Ведь музей сегодня целый день не работает, она просто пошутила.
Лера сразу изменилась в лице. Зачем я нагрубил? Я знаю зачем, вернее, почему, но мне не хватает сил ей это объяснить. Когда мы спускаемся в подземный переход, она смотрит под ноги на ступеньки и зло говорит:
– Дебил, блять.
Когда мы поднимаемся из подземного перехода к Спасу на Крови, она начинает плакать. Я пытаюсь ее обнять, протискиваясь меж отталкивающих меня рук, зная, что она должна прекратить, потому что иначе я не смогу. Наконец прижимаю ее и долго крепко держу, пока рыдания не прекращаются, и вместе с ними не уходит мой страх, что я зареву тоже.
Продолжаем гулять, оба расстроены и не говорим друг с другом. Молчим не из-за злости, а из-за грусти. Шатаемся по улицам, заходим в две кофейни, в обеих выпив по чашке кофе и съев десерт. Если наши взгляды встречаются, мы улыбаемся, делая вид, что все нормально и нисколько не напряжно. Спустя пару часов возвращаемся к бабе.
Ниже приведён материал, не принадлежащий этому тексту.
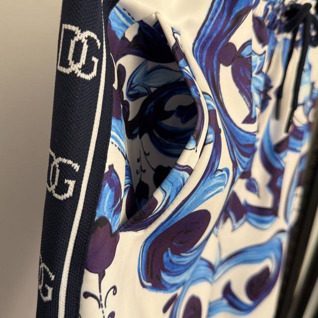 Style No. 20257431 Dg* New Set, Retro Pattern Blue and White Porcelain Print Stand Collar Long Sleeve Zipper Jacket + Elastic Waist Webbing Tapered Leg Trousers, Blue, Sizes S-XL, M: Shoulder Width 44cm, Chest 102cm, Sleeve Length 61cm, Length 68cm; Waist 68cm (elastic), Length 97cm; Weight: 1.140Kg DDD

Туманом расходится по комнате теплый свет бра. Мы лежим на животах на диване и слушаем бабушку, которая сидит на компьютерном стуле и разговаривает с Лерой. Она рассказывает ей про мое детство, о том, как называла меня «изюм» из-за маленьких темных глаз, как учила меня читать. Довольно быстро ее монолог переходит к студентам. В последние годы любой разговор с ней рано или поздно приходит к ним. Она говорит кому стоило бы побольше заниматься, кто ей нравится, а кого надо выгнать; делится названием пьесы, которую собирается ставить с ними, когда они будут старше, и говорит, чтобы я ее прочел.
Пока бабушка рассказывает, я подхожу к окну, за которым все так же моросит снег. Чувствую ногами жар от батарей. На подоконнике расставлены цветы, и, заметив, что я их рассматриваю, бабушка вспоминает и с гордостью говорит Лере, что построила этим летом дачный дом.
– Маленький, даже не дом, а так, домишка. Мне одной куда больно-то большой? Да, Сав? Весной сирени разной насажу и хватит с меня. Я не огородница, Лер, помидоры с огурцами и в магазине есть. Хочу просто, чтобы утром просыпаться, а в окне сирень, – она замолкает, улыбаясь и видя перед собой это окно. – А осенью буду облепиху собирать, в чай заваривать.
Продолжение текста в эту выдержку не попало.